* _Information shown_
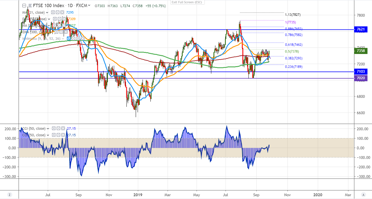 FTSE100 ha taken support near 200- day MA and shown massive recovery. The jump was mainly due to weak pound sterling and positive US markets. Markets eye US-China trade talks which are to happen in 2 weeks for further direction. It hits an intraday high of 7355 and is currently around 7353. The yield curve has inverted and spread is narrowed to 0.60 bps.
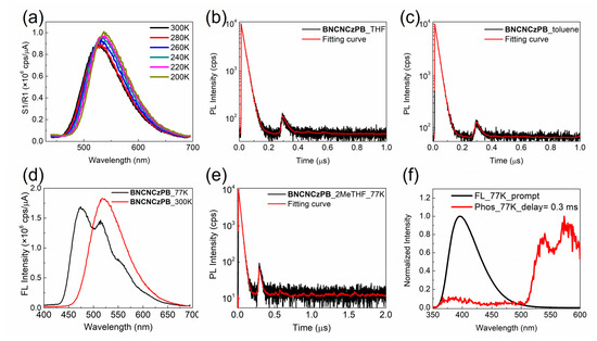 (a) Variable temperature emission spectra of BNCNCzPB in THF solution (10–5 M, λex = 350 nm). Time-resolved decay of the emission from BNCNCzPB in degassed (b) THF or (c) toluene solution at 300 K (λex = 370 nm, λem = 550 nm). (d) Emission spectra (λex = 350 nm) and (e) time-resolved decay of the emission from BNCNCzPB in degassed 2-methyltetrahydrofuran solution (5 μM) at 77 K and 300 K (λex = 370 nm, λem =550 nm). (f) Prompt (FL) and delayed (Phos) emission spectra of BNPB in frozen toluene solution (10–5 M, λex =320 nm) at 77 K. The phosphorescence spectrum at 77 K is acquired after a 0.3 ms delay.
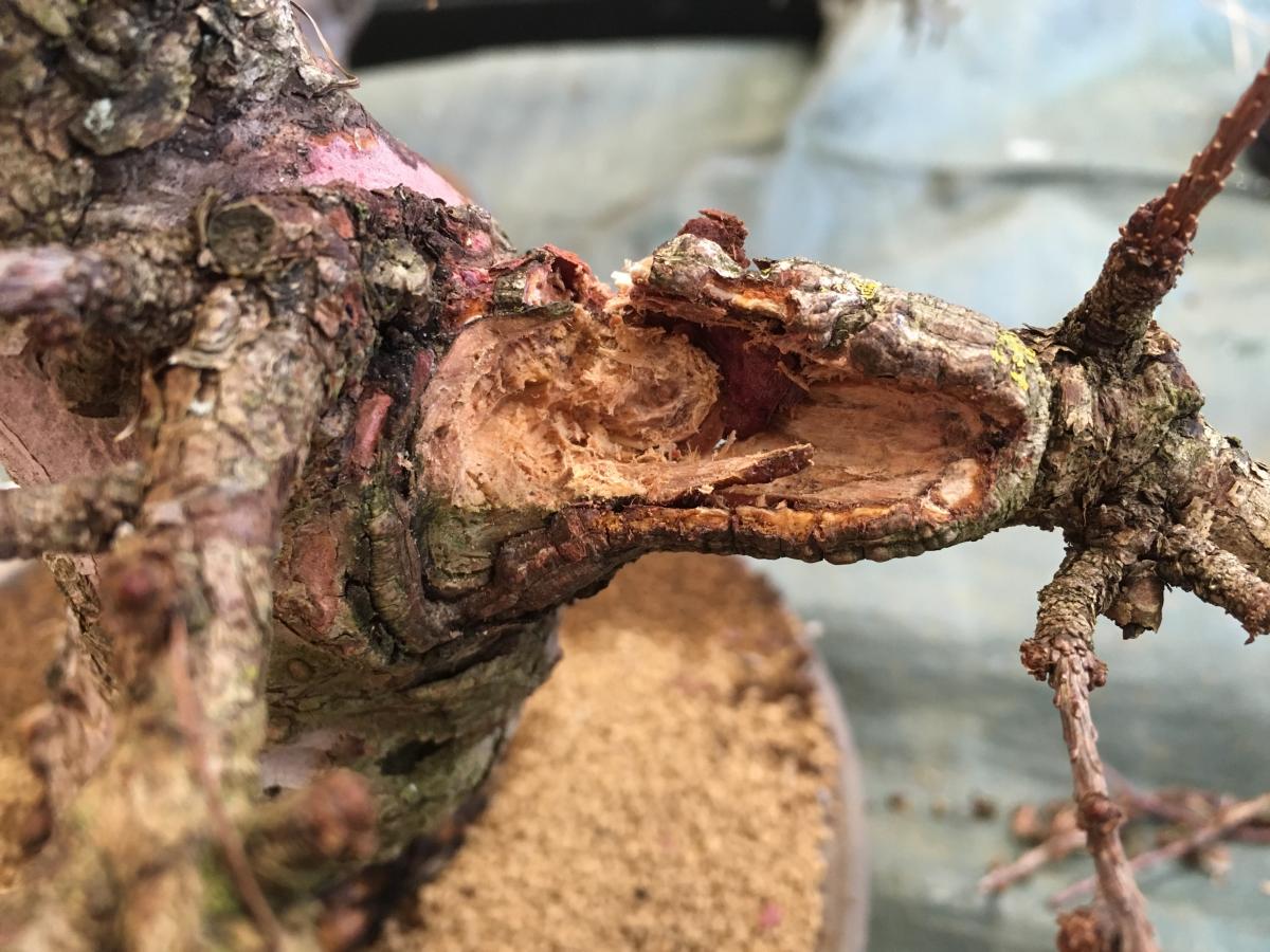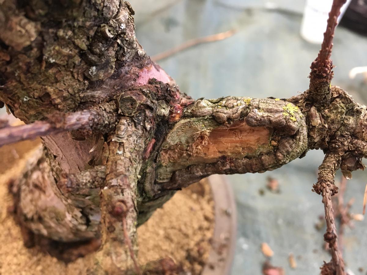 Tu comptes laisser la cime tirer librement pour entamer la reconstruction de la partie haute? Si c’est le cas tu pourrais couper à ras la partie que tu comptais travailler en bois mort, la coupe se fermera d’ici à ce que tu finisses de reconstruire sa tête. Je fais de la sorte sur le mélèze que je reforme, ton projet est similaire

* * *

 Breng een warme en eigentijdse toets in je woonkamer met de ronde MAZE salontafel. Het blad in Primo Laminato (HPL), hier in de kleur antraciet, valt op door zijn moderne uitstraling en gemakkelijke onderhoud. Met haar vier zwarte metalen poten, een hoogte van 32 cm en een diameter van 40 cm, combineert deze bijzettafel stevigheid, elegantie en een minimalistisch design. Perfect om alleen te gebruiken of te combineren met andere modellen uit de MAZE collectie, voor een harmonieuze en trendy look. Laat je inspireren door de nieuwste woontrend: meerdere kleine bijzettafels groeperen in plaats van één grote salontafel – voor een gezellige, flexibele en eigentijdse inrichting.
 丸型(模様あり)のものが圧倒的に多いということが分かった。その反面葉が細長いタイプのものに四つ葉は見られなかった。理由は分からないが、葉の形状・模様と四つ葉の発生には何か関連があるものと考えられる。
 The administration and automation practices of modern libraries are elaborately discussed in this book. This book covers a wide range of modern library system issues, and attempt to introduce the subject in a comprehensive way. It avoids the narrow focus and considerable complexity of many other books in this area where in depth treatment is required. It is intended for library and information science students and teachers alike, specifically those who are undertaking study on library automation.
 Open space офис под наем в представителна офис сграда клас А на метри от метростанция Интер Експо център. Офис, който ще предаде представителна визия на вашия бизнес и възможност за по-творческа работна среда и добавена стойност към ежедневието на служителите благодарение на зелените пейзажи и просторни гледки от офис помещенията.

...

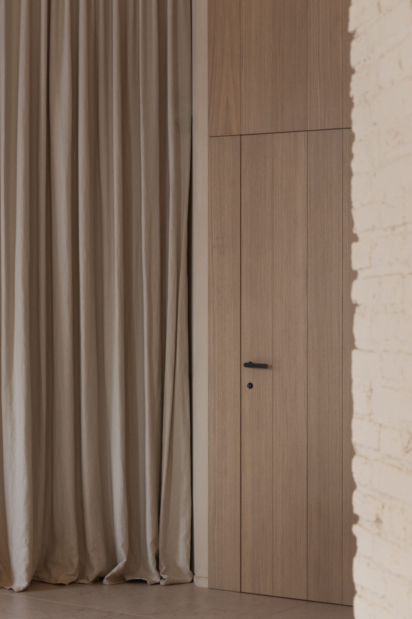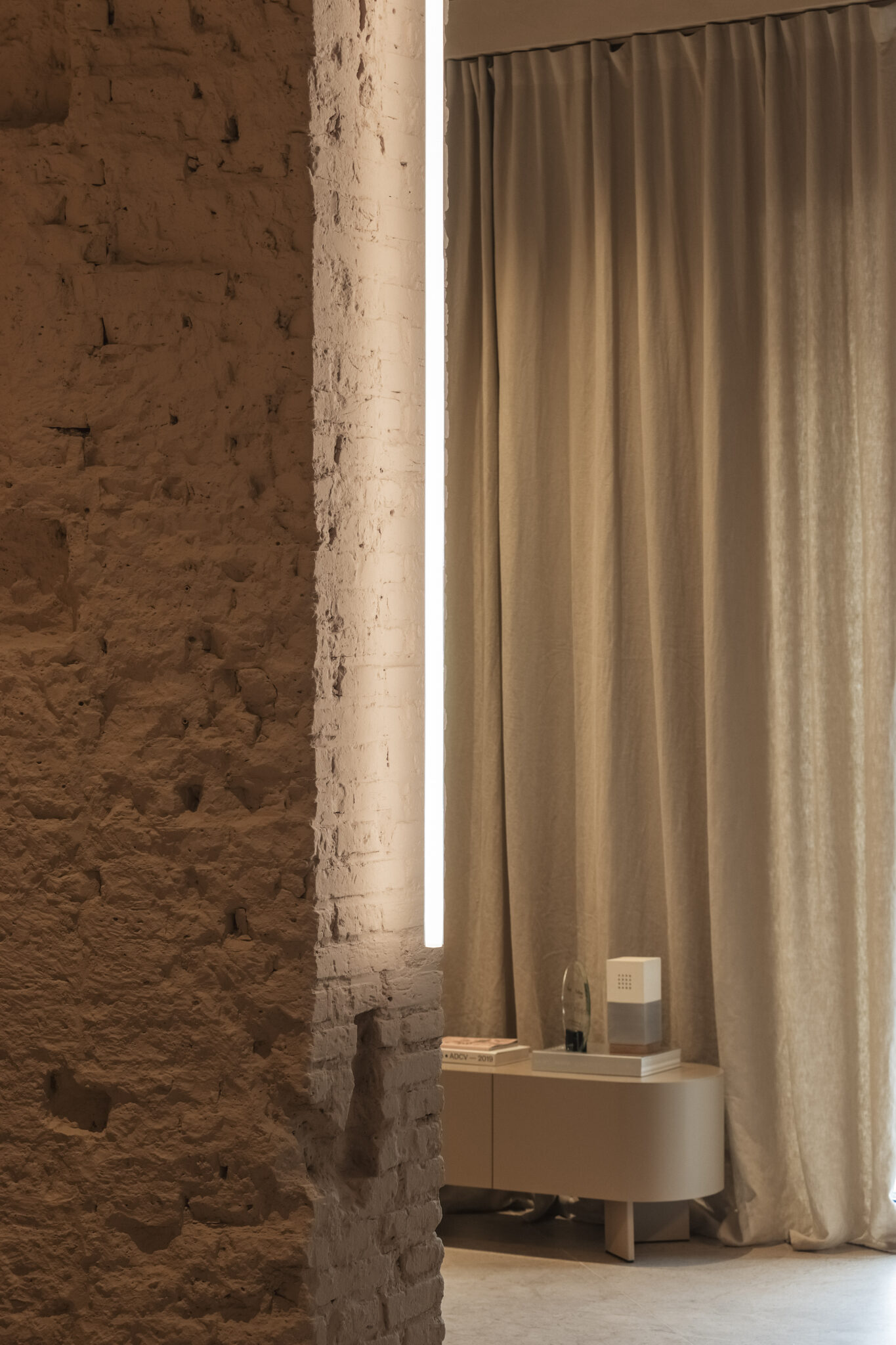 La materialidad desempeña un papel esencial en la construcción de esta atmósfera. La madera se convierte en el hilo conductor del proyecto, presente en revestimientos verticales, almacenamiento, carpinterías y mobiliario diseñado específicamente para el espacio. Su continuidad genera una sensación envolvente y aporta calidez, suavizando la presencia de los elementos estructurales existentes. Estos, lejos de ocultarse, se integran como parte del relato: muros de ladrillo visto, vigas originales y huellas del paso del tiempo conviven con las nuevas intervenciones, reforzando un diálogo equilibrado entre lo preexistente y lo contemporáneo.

* _Assigned task_
Copy out only the lines above from the one with "The administration and" to the one with "Open space офис", inclusive, exactly as they stand.

* _Exercise output_
 The administration and automation practices of modern libraries are elaborately discussed in this book. This book covers a wide range of modern library system issues, and attempt to introduce the subject in a comprehensive way. It avoids the narrow focus and considerable complexity of many other books in this area where in depth treatment is required. It is intended for library and information science students and teachers alike, specifically those who are undertaking study on library automation.
 Open space офис под наем в представителна офис сграда клас А на метри от метростанция Интер Експо център. Офис, който ще предаде представителна визия на вашия бизнес и възможност за по-творческа работна среда и добавена стойност към ежедневието на служителите благодарение на зелените пейзажи и просторни гледки от офис помещенията.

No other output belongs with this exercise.